**Exercise materials**.
##############################
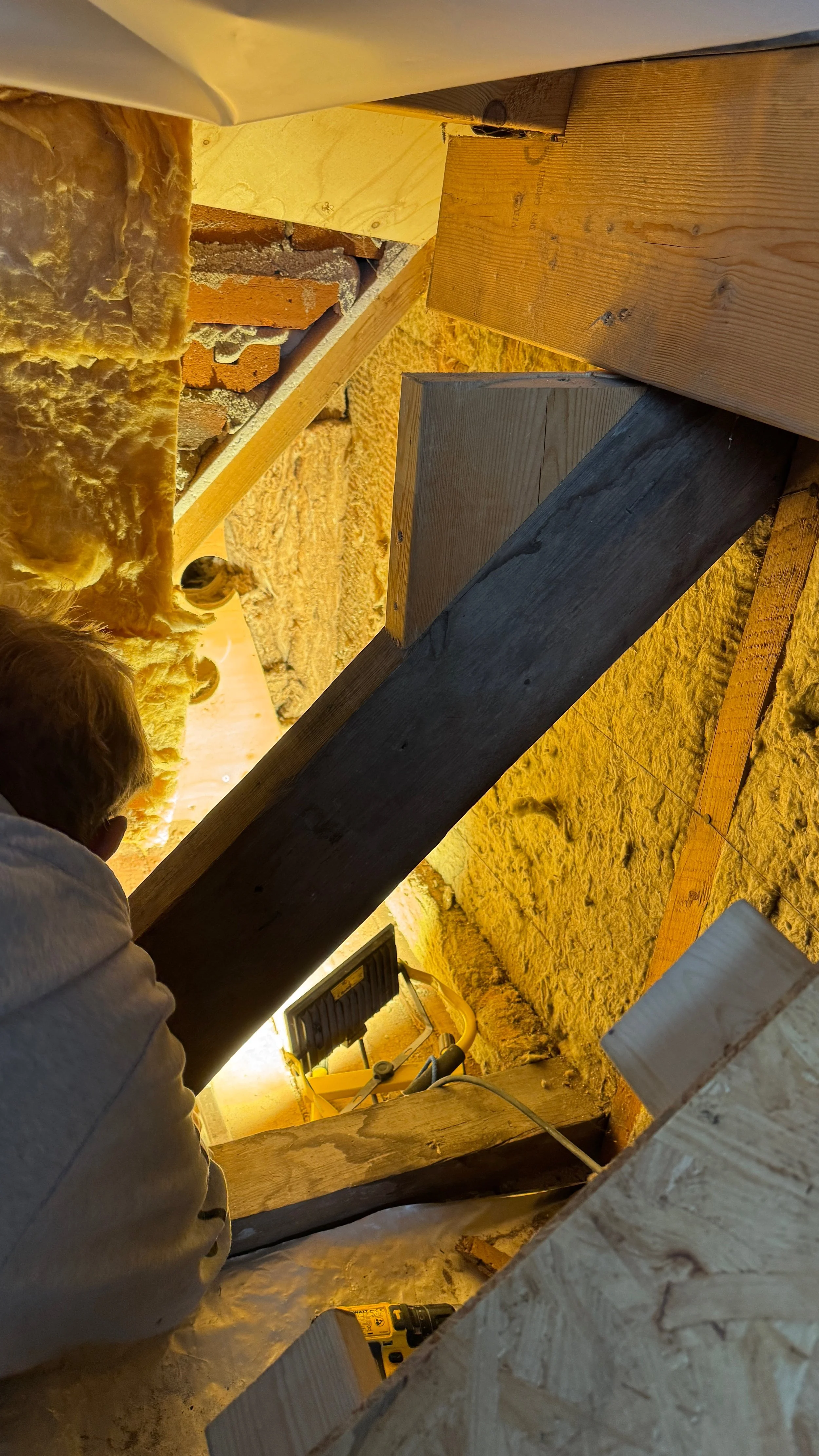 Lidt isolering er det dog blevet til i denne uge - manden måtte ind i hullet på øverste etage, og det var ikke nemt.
##############################
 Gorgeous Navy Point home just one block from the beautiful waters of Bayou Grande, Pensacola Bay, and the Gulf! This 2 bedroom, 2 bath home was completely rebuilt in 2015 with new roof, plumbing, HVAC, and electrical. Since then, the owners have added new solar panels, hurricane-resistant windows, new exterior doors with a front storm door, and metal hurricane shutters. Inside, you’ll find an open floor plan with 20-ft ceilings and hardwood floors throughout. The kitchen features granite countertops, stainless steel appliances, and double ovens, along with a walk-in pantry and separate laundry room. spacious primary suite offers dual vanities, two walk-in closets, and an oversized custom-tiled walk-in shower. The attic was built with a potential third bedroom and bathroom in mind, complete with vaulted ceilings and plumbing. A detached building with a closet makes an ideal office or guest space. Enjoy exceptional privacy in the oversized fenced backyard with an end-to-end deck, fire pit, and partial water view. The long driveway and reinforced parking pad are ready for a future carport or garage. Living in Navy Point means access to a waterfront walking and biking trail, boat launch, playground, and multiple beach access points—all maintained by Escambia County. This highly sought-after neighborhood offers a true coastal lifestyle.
##############################
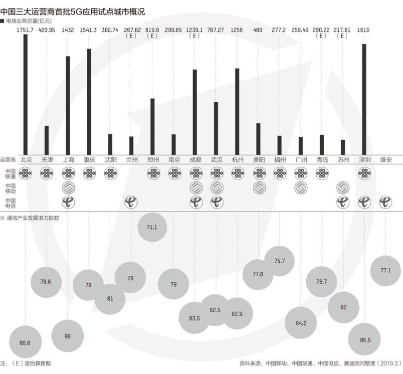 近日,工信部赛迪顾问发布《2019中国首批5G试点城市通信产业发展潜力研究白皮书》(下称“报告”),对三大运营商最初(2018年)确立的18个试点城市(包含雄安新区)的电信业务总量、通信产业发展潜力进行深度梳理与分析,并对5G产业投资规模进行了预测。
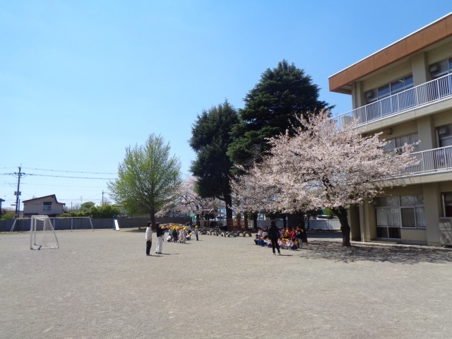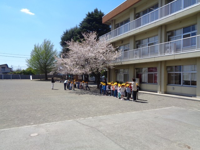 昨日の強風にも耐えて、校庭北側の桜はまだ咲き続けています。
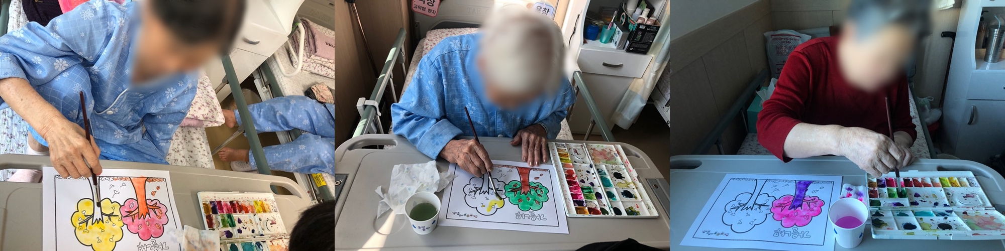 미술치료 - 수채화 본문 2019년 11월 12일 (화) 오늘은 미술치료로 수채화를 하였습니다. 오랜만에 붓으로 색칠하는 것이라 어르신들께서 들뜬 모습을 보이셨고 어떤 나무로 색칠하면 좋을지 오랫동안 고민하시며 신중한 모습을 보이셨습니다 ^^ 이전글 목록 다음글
##############################
**Task requirements**.
From the records above, copy exactly the lines starting at the one with "近日,工信部赛迪顾问发布《2" and ending at the one with "미술치료 - 수채화 본문", and no others. Pictures stay out.

**Written reply**.
 近日,工信部赛迪顾问发布《2019中国首批5G试点城市通信产业发展潜力研究白皮书》(下称“报告”),对三大运营商最初(2018年)确立的18个试点城市(包含雄安新区)的电信业务总量、通信产业发展潜力进行深度梳理与分析,并对5G产业投资规模进行了预测。
 昨日の強風にも耐えて、校庭北側の桜はまだ咲き続けています。
 미술치료 - 수채화 본문 2019년 11월 12일 (화) 오늘은 미술치료로 수채화를 하였습니다. 오랜만에 붓으로 색칠하는 것이라 어르신들께서 들뜬 모습을 보이셨고 어떤 나무로 색칠하면 좋을지 오랫동안 고민하시며 신중한 모습을 보이셨습니다 ^^ 이전글 목록 다음글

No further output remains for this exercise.